Published Letters: 107     Editor's Choice: 2

  • Prostitution should be legal.

    [Read the article: The economics of prostitution]
    [Read more letters about this article: Here]

    Prostitution should be legal. Someone once commented that using attractive women in advertising--magazines, billboards, etc. (what to speak of women working in topless bars, stripping, or posing nude!) is a subtle form of prostitution--women using their bodies for income.

    Tracy Clark-Flory writes:

    << At $25-$30 per hour, prostitutes make approximately four times what they likely would outside of the sex industry. Of course, that doesn't take into consideration on-the-job risks like contracting an STD (condoms were used in only a quarter of dealings) or being assaulted; researchers estimate that sex workers are assaulted an average of once a month. There's also the threat of being arrested, but according to the Economist, "Prostitutes are more likely to have sex with a police officer than to be arrested by one." >>

    Problems such as contracting STDs, being assaulted, pimp violence, being arrested, etc. would cease if prostitution were made safe and legal.

    Prostitution was legal in ancient India for the same reason the Prohibition of alcohol failed in the United States. Commenting on Srimad Bhagavatam 1.11.19, A.C. Bhaktivedanta Swami writes:

    "By tricks of chance, one may be obliged to adopt a profession which is not very adorable in society...even in those days, about five thousand years ago, there were prostitutes in a city like Dwarka...This means that prostitutes are necessary citizens for the proper upkeep of society.

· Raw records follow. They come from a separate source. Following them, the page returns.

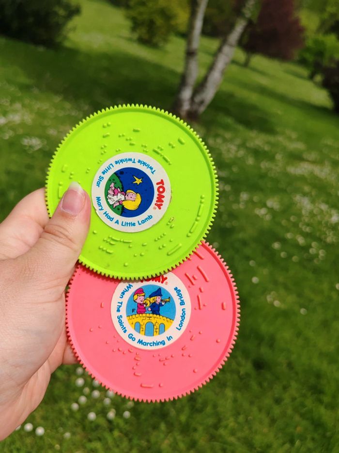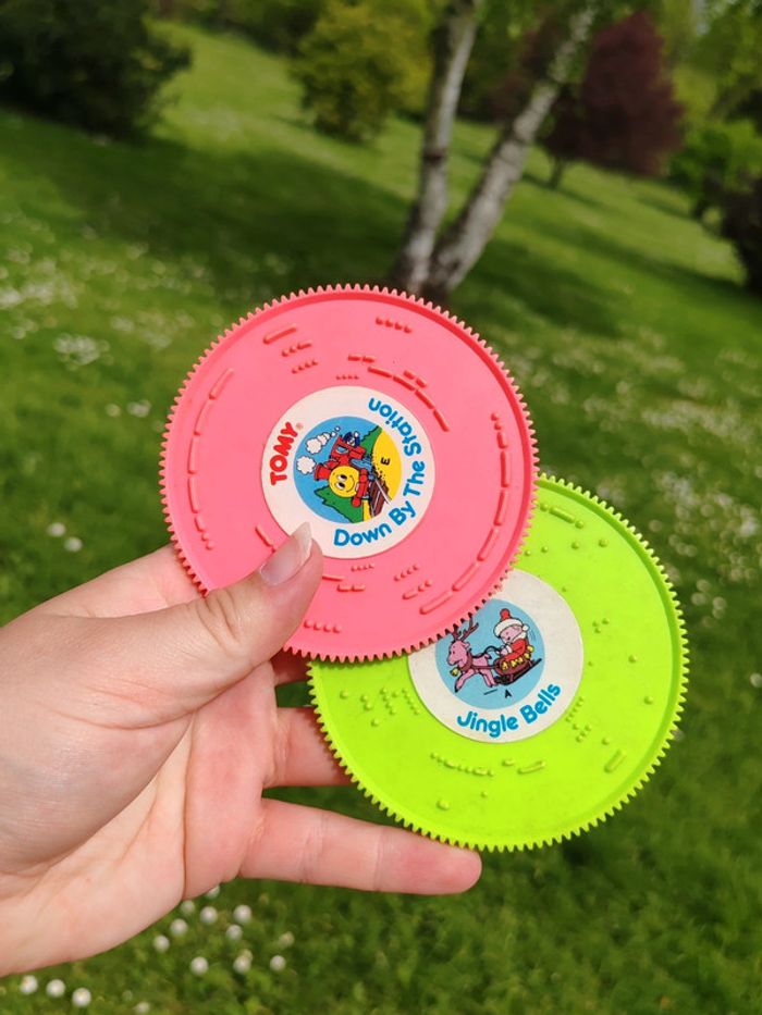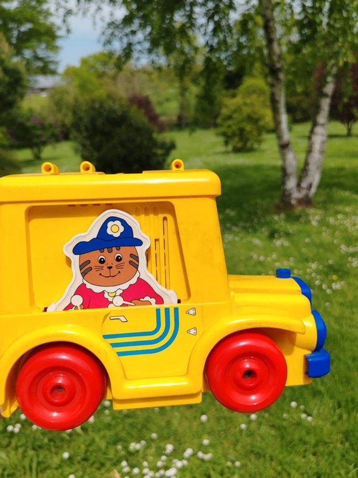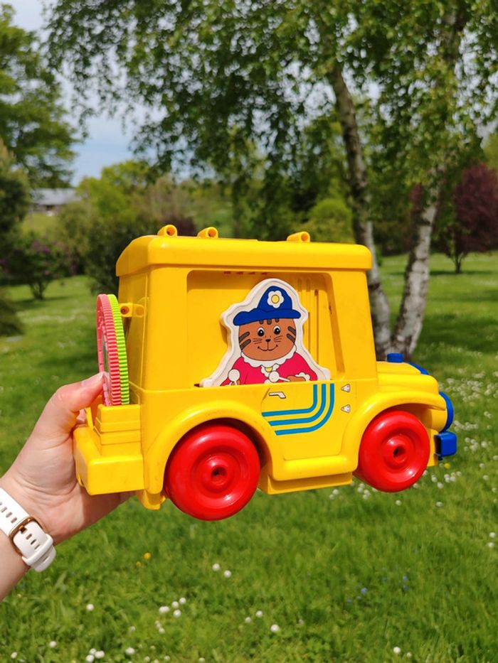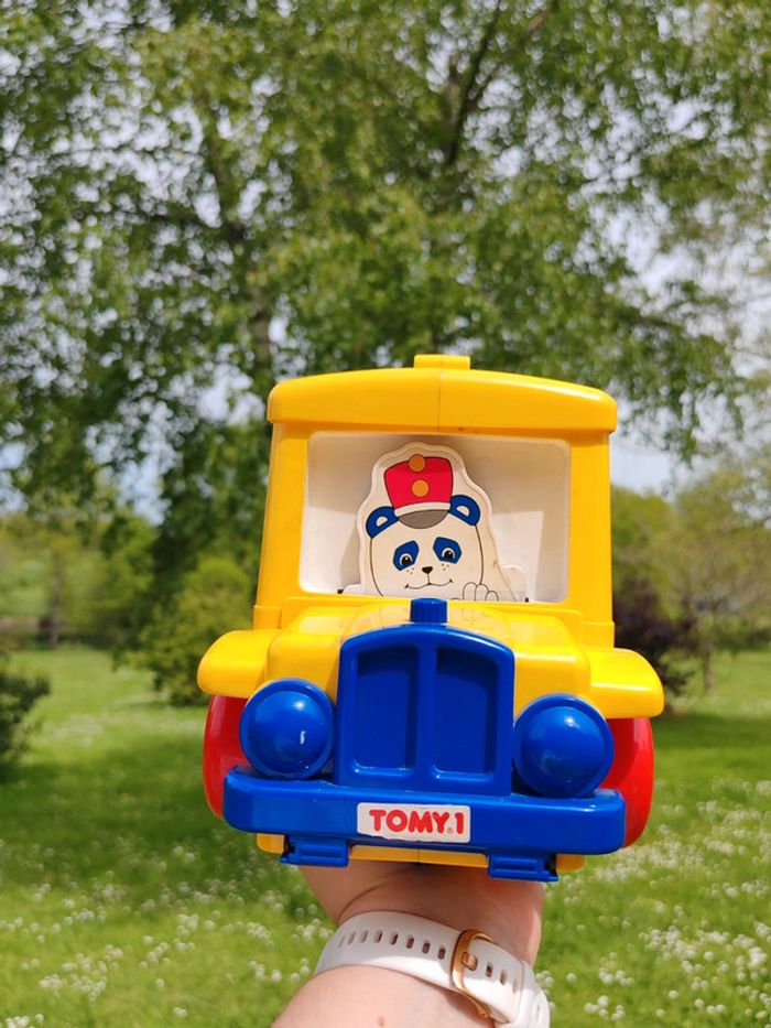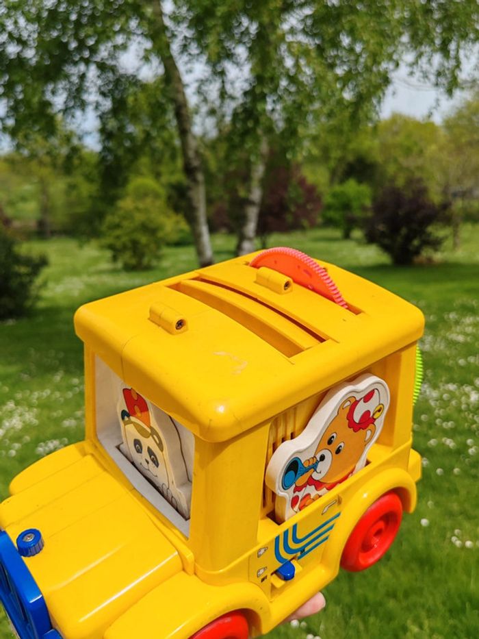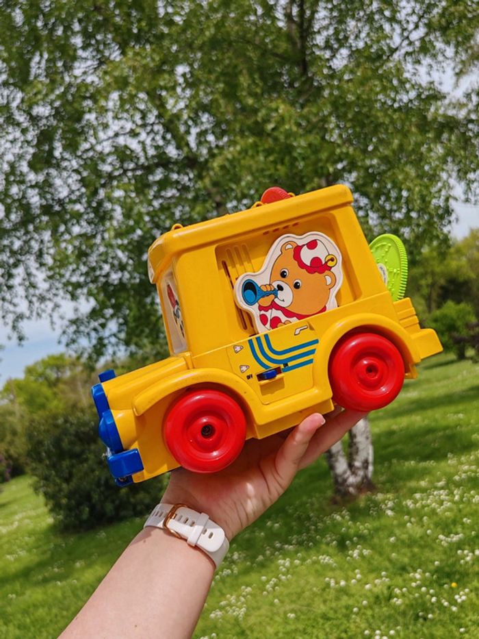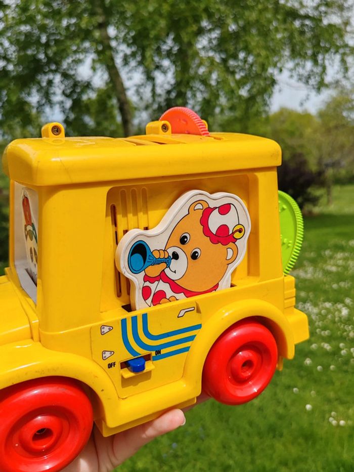 Bus dans le même style que le train tuneyville de tomy Marque Tomy Vintage En plastique Il avance et lit des disques (inclus) pour faire des musiques type comptines et berceuses En très bon état et fonctionnel Vendu avec 2 disques (donc 4 mélodies en tout cas 1 par face) ➡️ #ursullabuffaybébé #ursullabuffayfisherprice
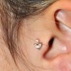 עגיל פירסינג טראגוס / הליקס / קונץ' / פלאט מציפוי זהב – עלה וזירקונים לבנים
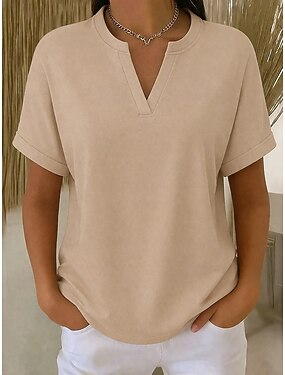Mulheres Camiseta T-shirt Tecido Moda à moda Clássico Manga Curta Decote V Tops regulares Diário Para Noite Final de semana Branco Rosa Cáqui Cinzento Verão Primavera
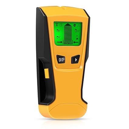 ? 3 in 1 Detektor:INTEY-Multifunktionsdetektoren erfassen Wände, Metalle und Drähte. Der Detektor kann auch hinter Fliesen, Wänden, Böden, Decken usw. untersuchen.Es kann die Position der Wand Metall- und Wechselstromkabel in der Wohnung lokalisieren. Es wird eine Warnung ausgegeben, wenn der Detektor diese Sachen erkannt. Gleichzeitig zeigt der Bildschirm mit einem auffälligen Balkendiagramm an, um eine bessere Orientierung zu ermöglichen. ? Der Detektor verfügt über mehrere Scan Modi und hat hohe Präzision. Wechselstromkabel:Der Detektor kann Wechselstromkabel bis zu einer Tiefe von 2 Inch(51mm) erkennen;Bolzen 1/2 Inch Scannen: Scanbare Tiefe von 1/2 Inch (13 mm);Bolzen 1 Inch Scannen: Scannt bis zu i Inch (25 mm );Bolzen 1 1/2 'Scannen: Scannt bis zu1 ½ Inch (38 mm) Tiefe; Metallabtastung: Erkennt Eisen (magnetisch) Metall (z. B. 1/2 Inch Stahl) bis 3 Inch (76mm) und Buntmetall (nicht magnetisch) bis 1 1/2 Inch (38mm). ? LCD-Display mit Hintergrundbeleuchtung und Piepton: Sie können den Scan-Modus in Echtzeit auf dem Display anzeigen, dann den Scanmodus zu wählen. Wenn der Detektor das Ziel erkennt, ertönt ein Piepton, der Sie genauer an die genaue Position des Objekts erinnert.Hinweis: Dieser Detektor ist nicht für Latten und Putzwände geeignet. ? Einfache Bedienung: Verwenden Sie die Teste (EIN- und AUS), um den Scanner einzuschalten. Mit dem rechten Pfeil können Sie den Scanmodus für Metall, Holz und Kabel auswählen. Stromversorgung: 9 V Batterie (nicht enthalten). Sie müssen vor dem Einsatz eine 9-V-Batterie installieren (nicht in der Produktverpackung enthalten). ? Perfektes Design:Kompakte Handhaltung und rutschsicheres Design.Klein und tragbar, einfach zu verstauen. Wenn Sie den INYEY-Wanddetektor verwenden, können Sie ihn mit einer Hand halten. Wenn Sie den Detektor bewahren möchten, nimmt er nicht viel Platz ein.Bitte befestigen Sie die Wolle hinten am Stellungsregler, um Beschädigungen zu vermeiden.Dieses Material ist extrem langlebig und robust, was bei der Aufbereitung von Vorteil ist. › Weitere Produktdetails
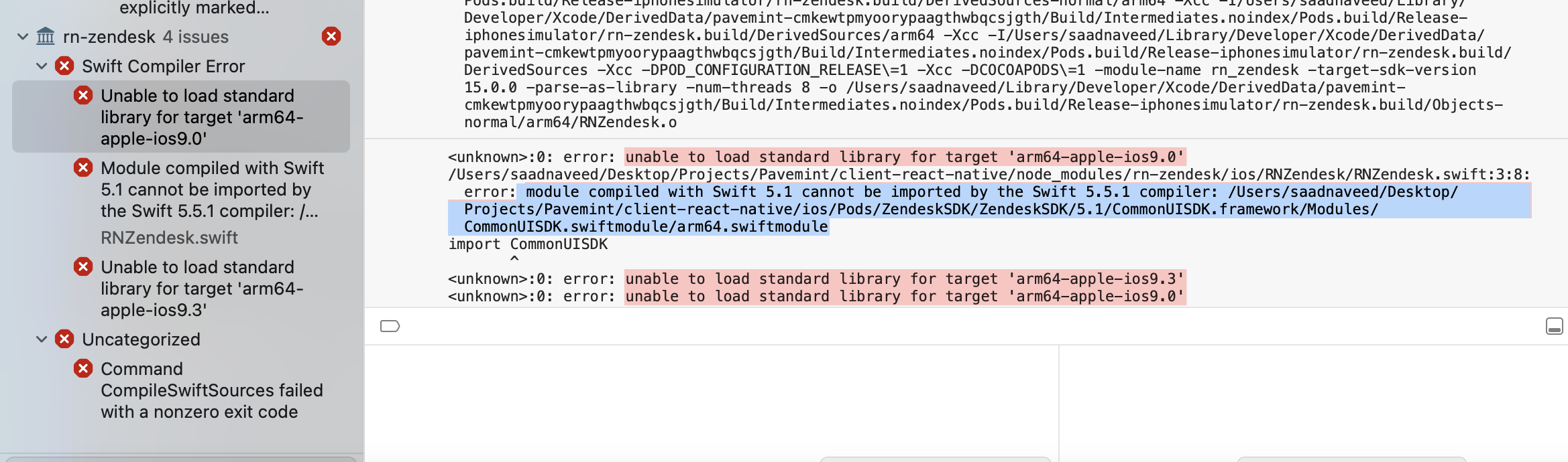 module compiled with Swift 5.1 cannot be imported by the Swift 5.5.1 compiler: /Users/saadnaveed/Desktop/Projects/{my-project-name}/client-react-native/ios/Pods/ZendeskSDK/ZendeskSDK/5.1/CommonUISDK.framework/Modules/CommonUISDK.swiftmodule/arm64.swiftmodule
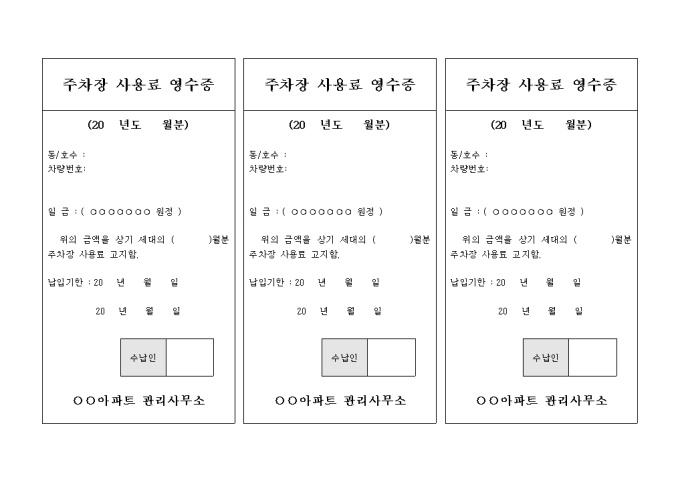 아파트 관리소 등에서 사용할 수 있는 주차장 사용료 영수증 양식입니다.
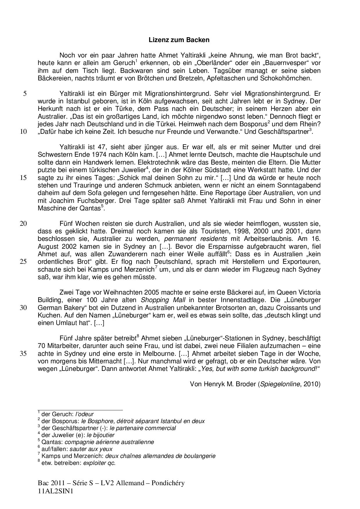 Bac S Allemand LV2 Pondichéry 2011 - Sujet

    "The government opens wine shops, but this does not mean that the government encourages the drinking of wine. The idea is that there is a class of men who will drink at any cost, and it has been experienced that prohibition in great cities encouraged illicit smuggling of wine.

    "Similarly, men who are not satisfied at home require such concessions...It is better that prostitutes be available in the marketplace so that the sanctity of society can be maintained."

    Even some conservatives concede that prostitution can be victimless. In a 1995 column entitled "Prostitution as a Privacy Right," Robert Craig Paul, a syndicated columnist for the Washington Times, wrote:

    "If a woman's right to control the use of her reproductive organs permits her to enter into a cash transaction with an abortionist, then how can this fundamental right of privacy not apply to other transactions involving her use of her body?

    "...abortion has been against the law and restricted with greater intensity for more of our history than prostitution, reflecting social norms that abortion, viewed as infanticide, is more immoral than prostitution...

    "In contrast (to abortion), prostitution is entirely an act between consenting parties that does not affect the bodily integrity, identity and destiny of a third party (the unborn)...

    "It is legal nonsense that privacy conveys the right to abort, but not the right to ingest drugs or engage in sodomy...

    "It will be interesting to watch the court sort out on the basis of Roe v. Wade why it is legal for a woman to contract for abortion but not prostitution."

    Again, prostitution should be legal.